Animals and allocation to treatment
All koalas presented to AZWH with ocular or urogenital signs of chlamydiosis from June 2016 to June 2017 were assessed for inclusion in this study. A total of 86 koalas, 48 males and 38 females, were suitable for inclusion based on high probability of recovery. Koalas being treated ranged in age between 1 and 10 years, as determined by tooth wear class [13]. Eligible animals were assigned to a treatment group on the basis of temperament, disease severity, body condition and history of previous antibiotic treatment. Of the 86 koalas treated, 6 required re-treatment, bringing the total number of overall antibiotic treatments to 92 (Table 1). Anxious or aggressive koalas were treated with antibiotics requiring less frequent administration. Koalas which had been treated and released previously and returned with clinical signs of chlamydiosis were not treated again with chloramphenicol.
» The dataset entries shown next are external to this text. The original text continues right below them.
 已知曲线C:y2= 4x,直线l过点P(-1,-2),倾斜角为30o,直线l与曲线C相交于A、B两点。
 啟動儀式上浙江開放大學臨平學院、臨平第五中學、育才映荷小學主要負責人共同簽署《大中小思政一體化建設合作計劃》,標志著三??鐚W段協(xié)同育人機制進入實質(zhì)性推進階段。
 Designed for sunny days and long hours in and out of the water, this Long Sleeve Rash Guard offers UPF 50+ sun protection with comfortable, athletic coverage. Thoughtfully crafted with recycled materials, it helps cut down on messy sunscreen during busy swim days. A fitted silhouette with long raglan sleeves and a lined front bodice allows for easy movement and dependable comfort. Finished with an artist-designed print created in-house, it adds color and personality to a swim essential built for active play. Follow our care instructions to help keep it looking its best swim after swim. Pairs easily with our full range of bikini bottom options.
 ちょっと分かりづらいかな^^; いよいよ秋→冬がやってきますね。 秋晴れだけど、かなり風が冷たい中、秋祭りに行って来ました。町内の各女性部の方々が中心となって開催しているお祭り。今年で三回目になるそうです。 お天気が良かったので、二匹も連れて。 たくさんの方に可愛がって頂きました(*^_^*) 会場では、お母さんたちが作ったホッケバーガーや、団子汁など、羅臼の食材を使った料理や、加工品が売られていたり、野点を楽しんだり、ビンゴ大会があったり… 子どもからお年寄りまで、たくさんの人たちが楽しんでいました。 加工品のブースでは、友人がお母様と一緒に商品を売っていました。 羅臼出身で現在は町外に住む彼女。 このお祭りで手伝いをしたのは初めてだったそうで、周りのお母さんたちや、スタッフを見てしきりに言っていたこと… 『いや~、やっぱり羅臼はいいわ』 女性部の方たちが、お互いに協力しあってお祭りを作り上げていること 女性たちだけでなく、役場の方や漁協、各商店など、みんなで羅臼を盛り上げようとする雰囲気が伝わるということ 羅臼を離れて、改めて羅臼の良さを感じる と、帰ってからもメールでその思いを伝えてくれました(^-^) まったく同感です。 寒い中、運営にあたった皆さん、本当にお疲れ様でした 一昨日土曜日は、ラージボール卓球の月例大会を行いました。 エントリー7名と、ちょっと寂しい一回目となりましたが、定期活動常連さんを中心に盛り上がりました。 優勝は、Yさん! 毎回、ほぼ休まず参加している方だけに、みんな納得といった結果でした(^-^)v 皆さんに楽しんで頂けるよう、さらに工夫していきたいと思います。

All koalas were treated and assessed at AZWH under consistent conditions of husbandry and nutrition. Koala which recovered were released within their prescribed habitat (within 5 km of point of rescue) (Table 1).
Animals which exhibited pain on urination during the treatment trial were additionally treated with analgesics and/or anti-inflammatory drugs as indicated. This included Temgesic® (Indivior: buprenorphine 300ug/kg @ 0.01 mg/kg I/M every 8 hours as required), Rimadyl® (Zoetis: Carprofen 50 mg/ml @ 4 mg/kg loading dose followed by 2 mg/kg S/C SID for 5–7 days), or Pentosan® (Ceva: Pentosan Polysulphate 100 mg/ml @ 3 mg/kg S/C every 7 days x 4).
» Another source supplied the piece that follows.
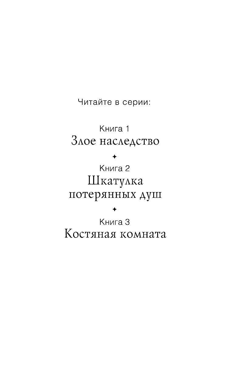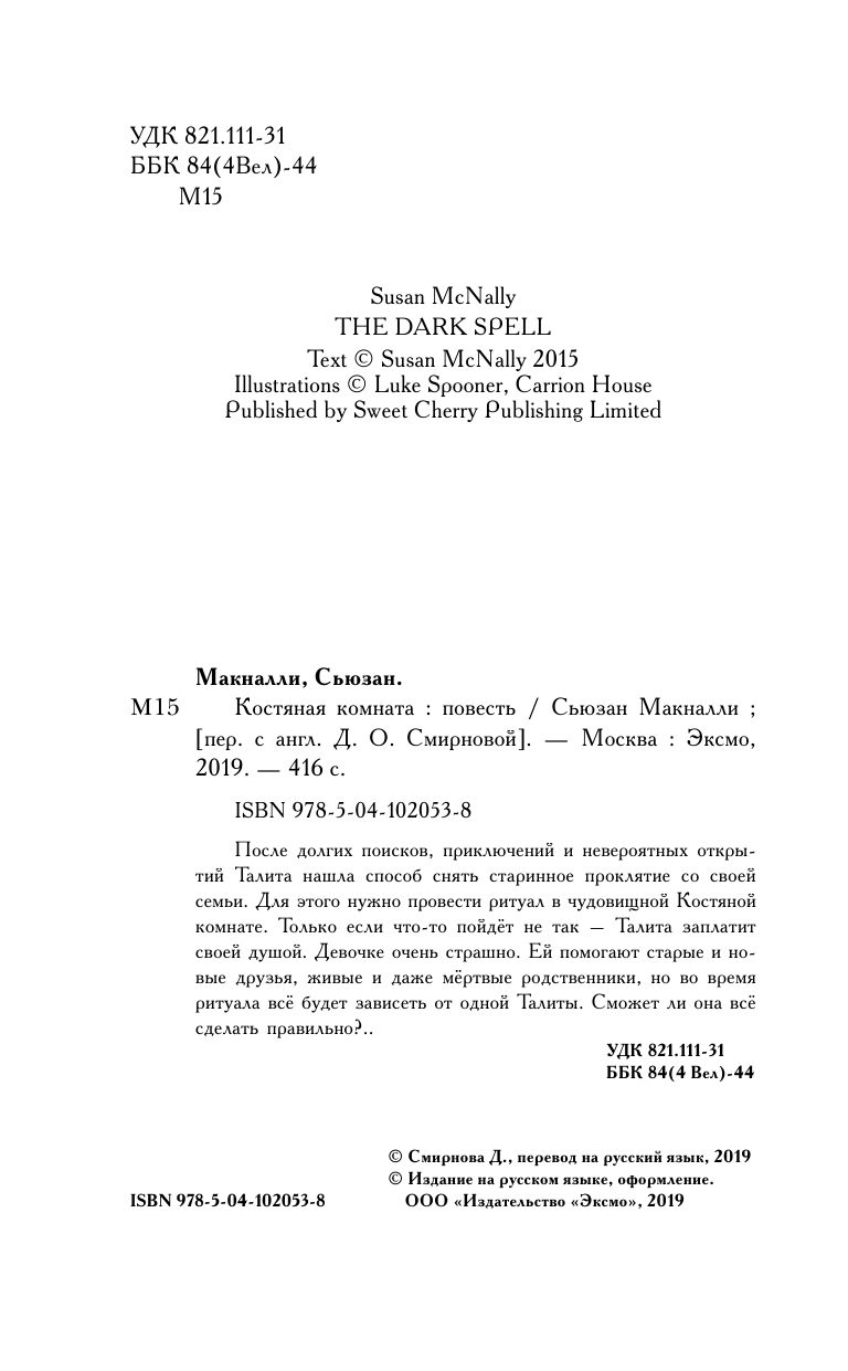 После долгих поисков, приключений и невероятных открытий Талита нашла способ снять старинное проклятие со своей семьи. Для этого нужно провести ритуал в чудовищной Костяной комнате. Только если что-то пойдёт не так - Талита заплатит своей душой. Девочке очень страшно. Ей помогают старые и новые друзья, живые и даже мёртвые родственники, но во время ритуала всё будет зависеть от одной Талиты. Сможет ли она всё сделать правильно?..

Koalas which did not respond to treatment, had life threatening side effects, or developed life threatening issues unrelated to chlamydiosis treatment were euthanised by sedating with intramuscular Alfaxan® (Jurox: alfaxalone 10 mg/ml) and then euthanased with intravenous Lethabarb® (Virbac: pentobarbitone 325 mg/ml) (Table 1).
Wild animals are cared for under a Department of Environment and Heritage Protection Rehabilitation permit WIRP18601117 and Department of Agriculture and Fisheries Scientific Purposes permit SUR000234. All samples were collected during normal clinical protocols.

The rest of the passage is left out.